> [WHAT IS BEING ASKED]: Restate word for word the lines below that run from the one holding "A pair of signed Buccellati 18ct" through the one holding "玄关定制到顶的白色鞋柜,还嵌入换鞋凳,设计非常贴心。", inclusive. Pictures don't belong in the copy.

> [MATERIAL FOR THE TASK]:
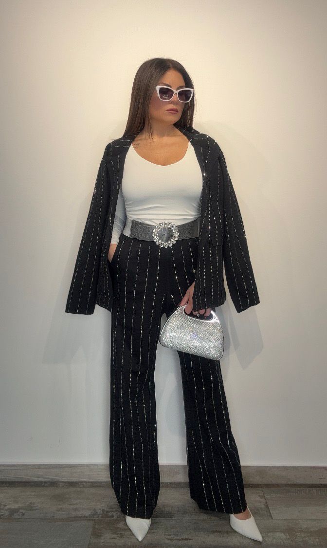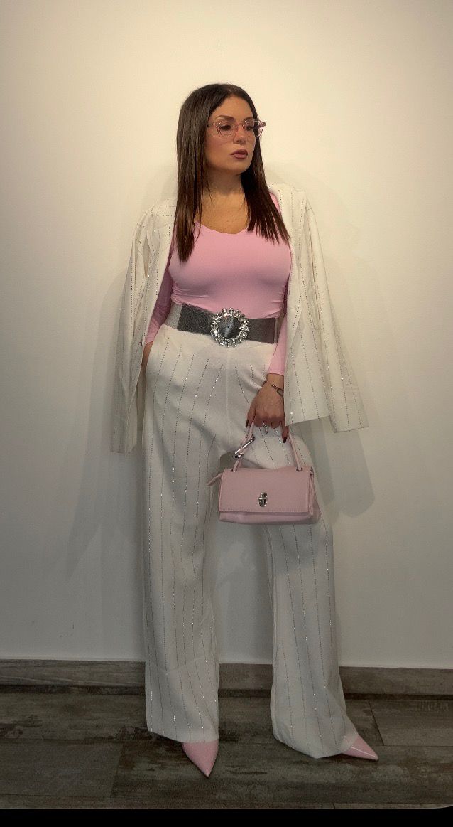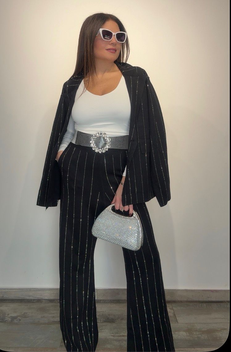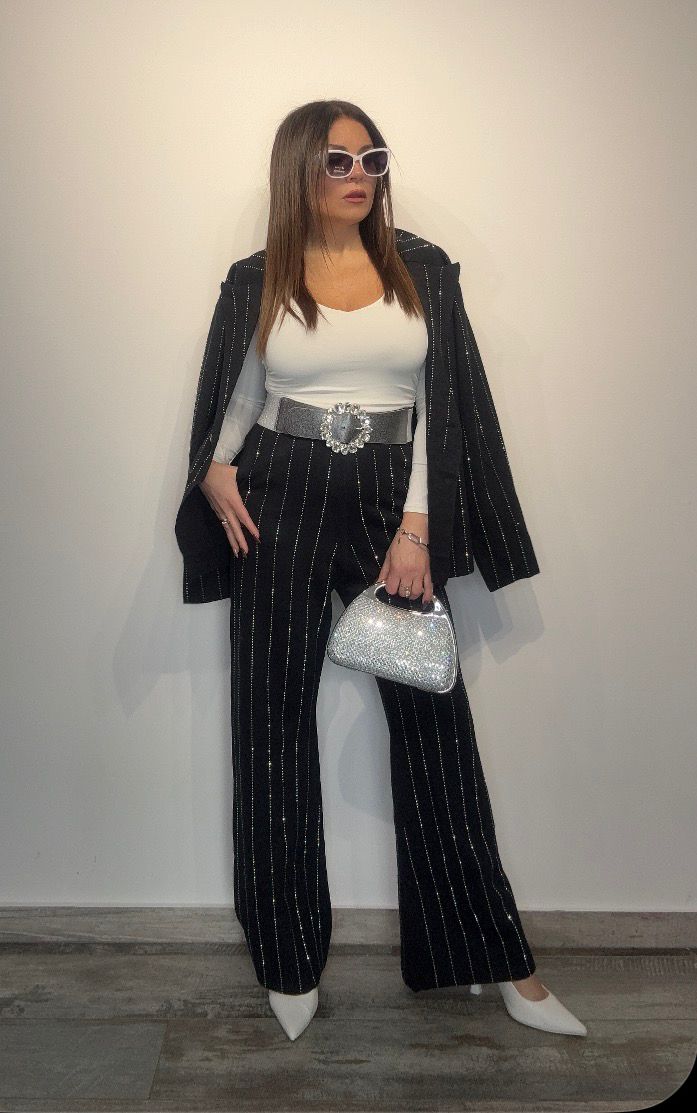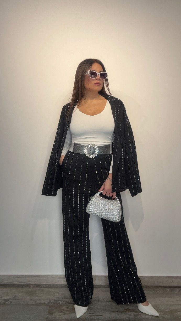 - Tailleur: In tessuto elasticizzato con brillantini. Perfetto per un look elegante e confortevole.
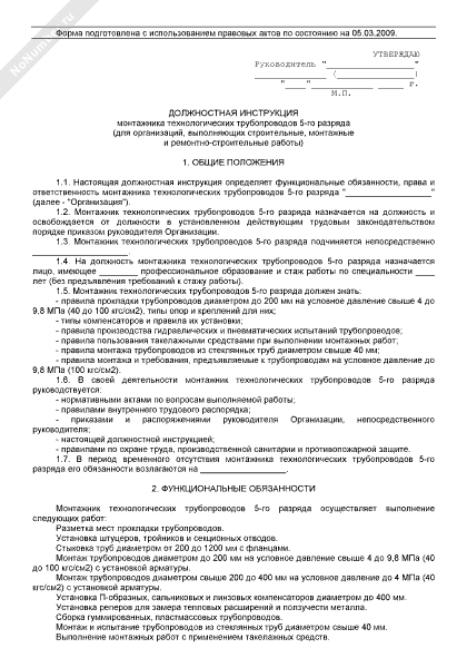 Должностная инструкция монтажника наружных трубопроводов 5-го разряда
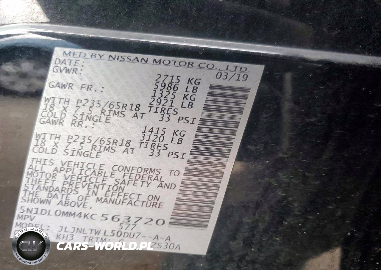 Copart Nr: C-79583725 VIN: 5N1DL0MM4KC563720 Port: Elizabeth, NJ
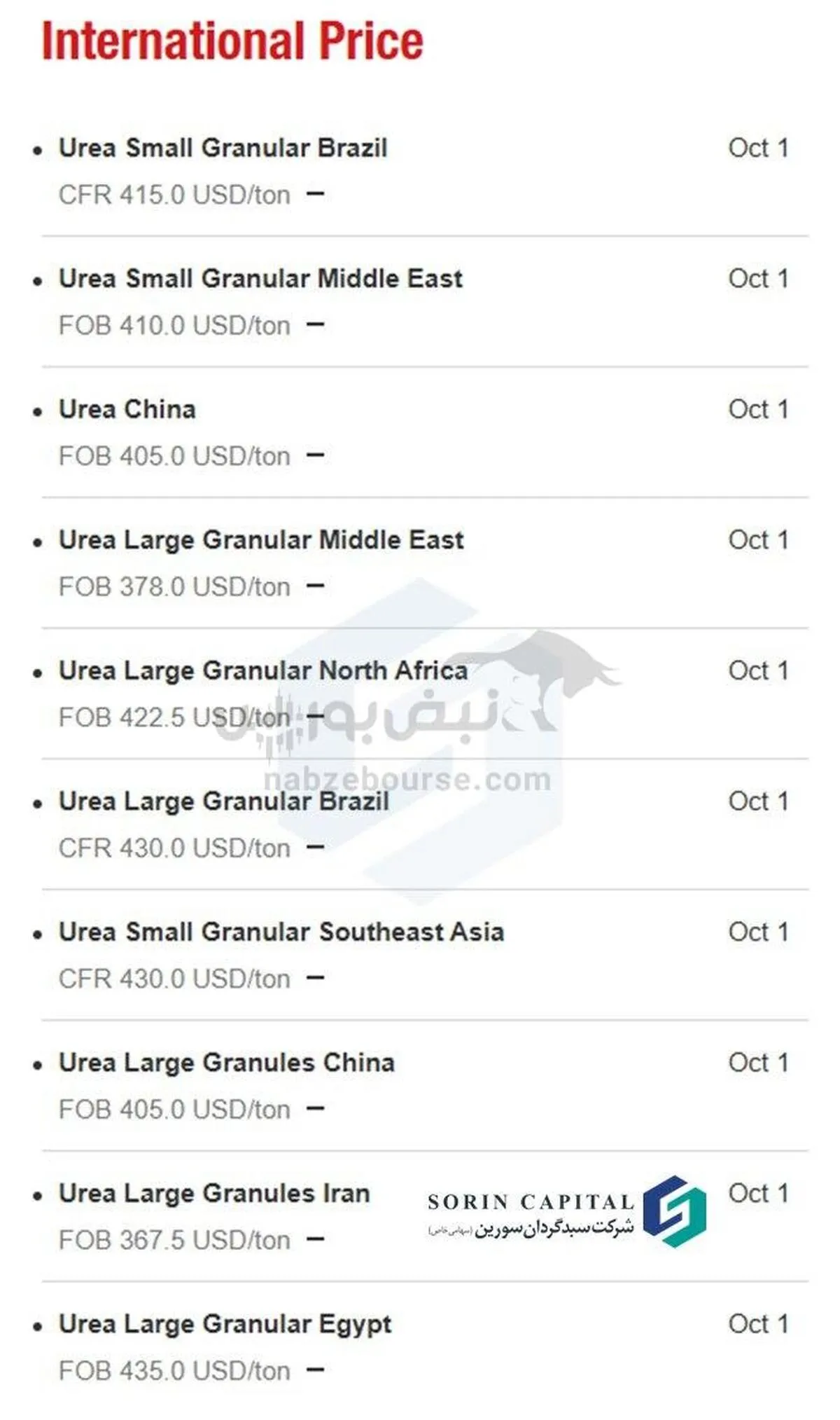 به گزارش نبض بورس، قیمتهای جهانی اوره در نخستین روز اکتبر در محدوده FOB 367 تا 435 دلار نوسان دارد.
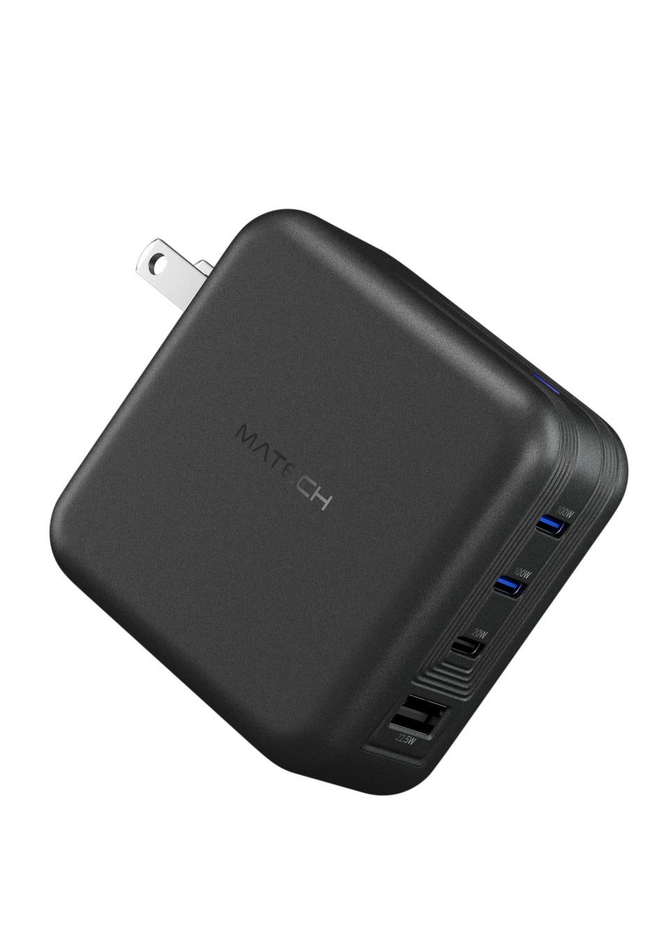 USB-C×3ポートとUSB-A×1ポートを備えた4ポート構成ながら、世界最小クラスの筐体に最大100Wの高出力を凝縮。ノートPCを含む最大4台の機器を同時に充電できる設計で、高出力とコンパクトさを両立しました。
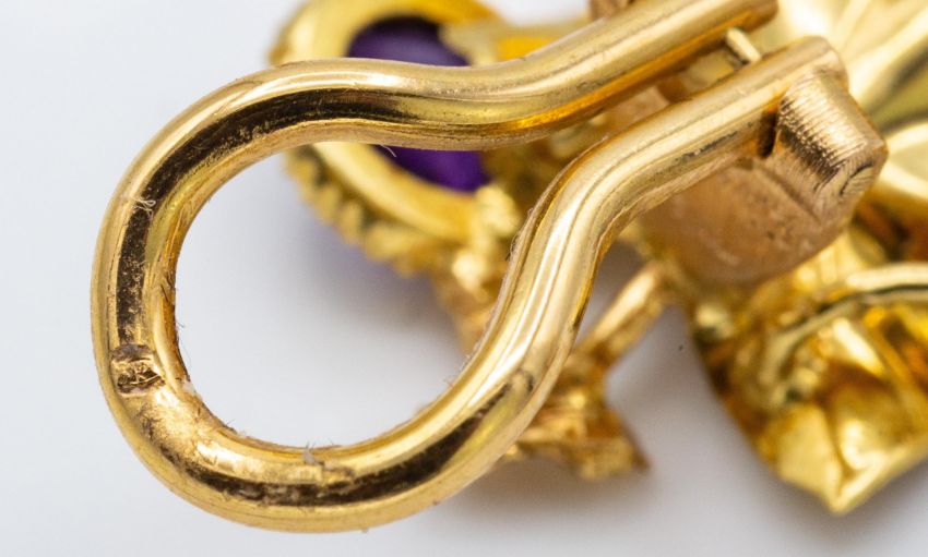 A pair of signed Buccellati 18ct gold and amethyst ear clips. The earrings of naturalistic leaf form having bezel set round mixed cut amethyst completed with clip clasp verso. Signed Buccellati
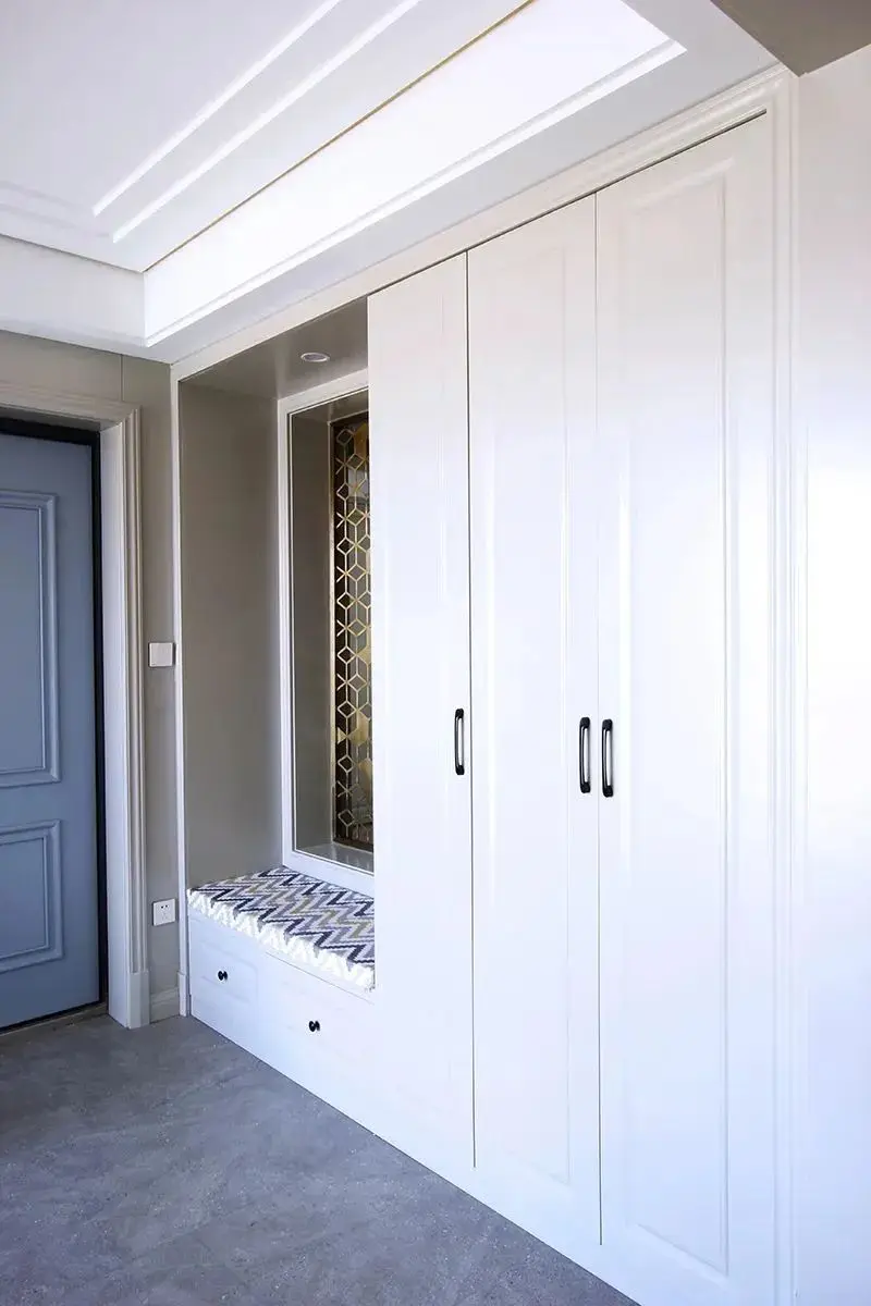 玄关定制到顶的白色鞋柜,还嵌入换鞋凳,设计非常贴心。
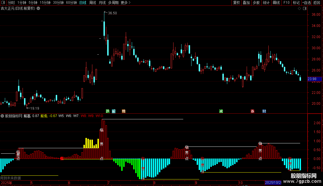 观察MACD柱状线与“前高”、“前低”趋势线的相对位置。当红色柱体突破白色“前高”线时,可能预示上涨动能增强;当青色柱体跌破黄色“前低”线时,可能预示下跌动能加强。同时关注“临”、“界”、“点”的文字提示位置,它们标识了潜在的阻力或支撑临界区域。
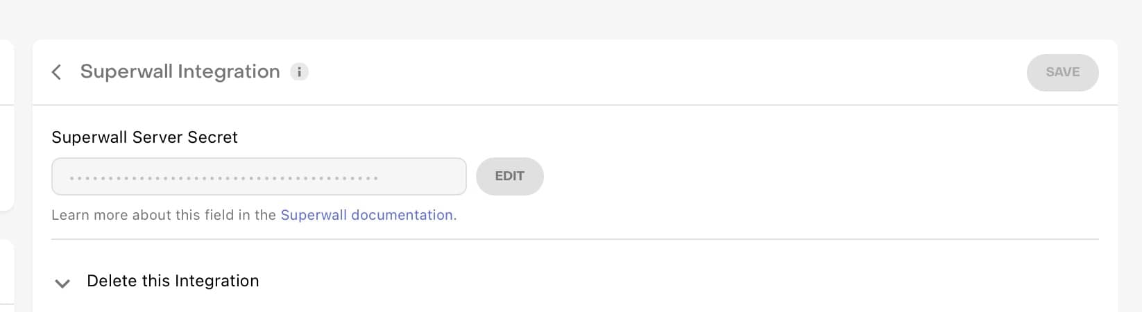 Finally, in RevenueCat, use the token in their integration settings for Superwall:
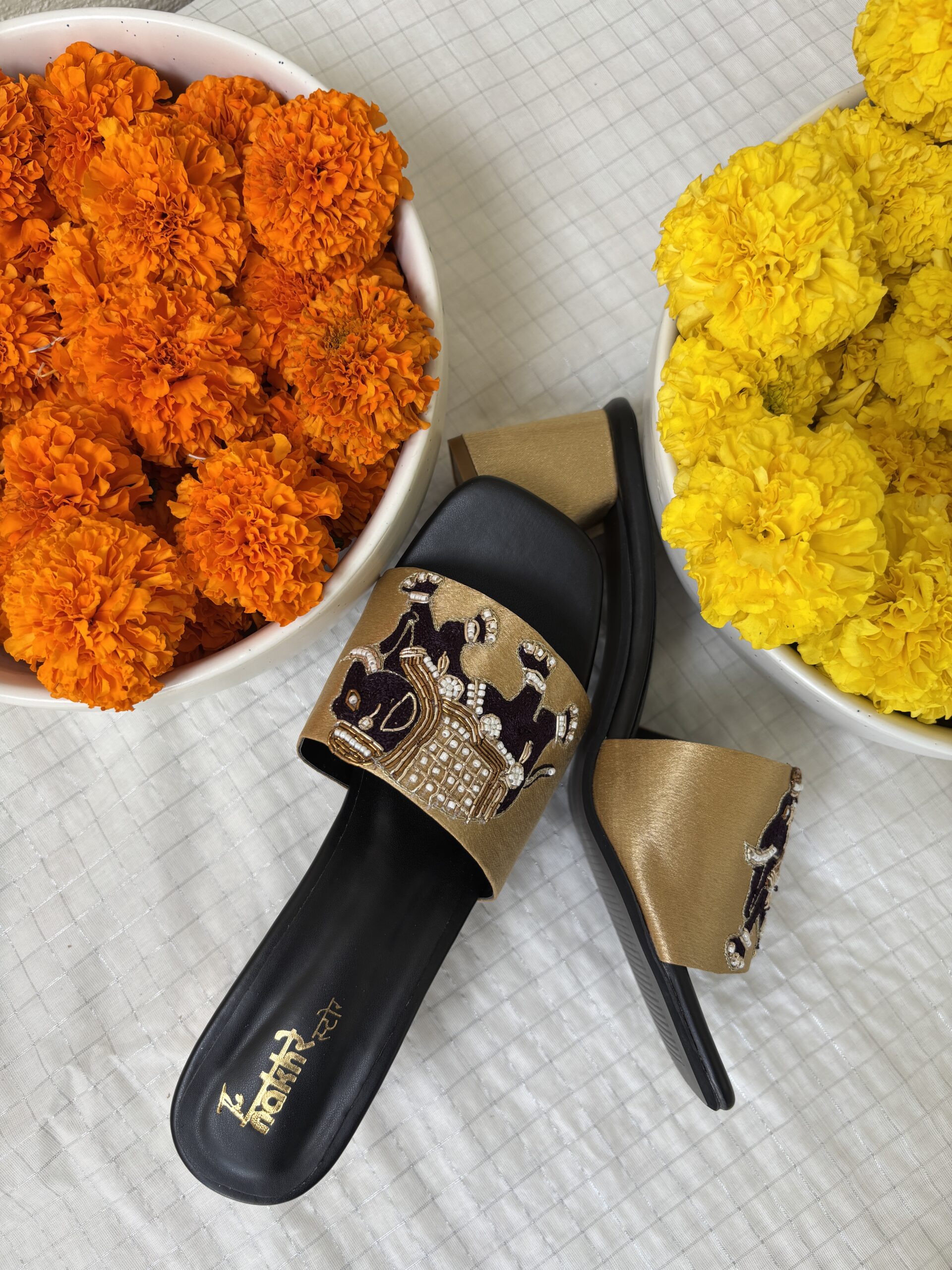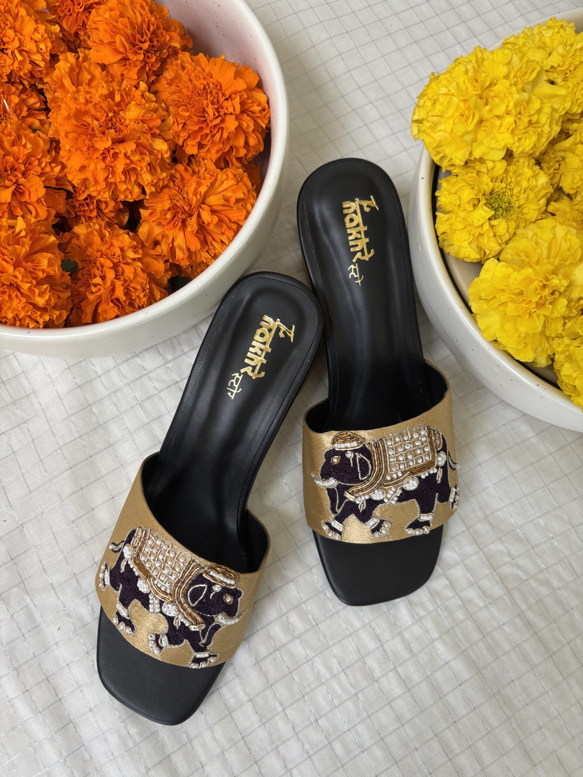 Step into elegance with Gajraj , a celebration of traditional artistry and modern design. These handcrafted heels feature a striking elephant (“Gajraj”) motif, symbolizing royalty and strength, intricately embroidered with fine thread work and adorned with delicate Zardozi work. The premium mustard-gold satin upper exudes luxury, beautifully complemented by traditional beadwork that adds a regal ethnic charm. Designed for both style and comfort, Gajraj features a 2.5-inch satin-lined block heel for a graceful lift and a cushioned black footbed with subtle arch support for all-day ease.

> [TASK OUTPUT]:
 A pair of signed Buccellati 18ct gold and amethyst ear clips. The earrings of naturalistic leaf form having bezel set round mixed cut amethyst completed with clip clasp verso. Signed Buccellati
 玄关定制到顶的白色鞋柜,还嵌入换鞋凳,设计非常贴心。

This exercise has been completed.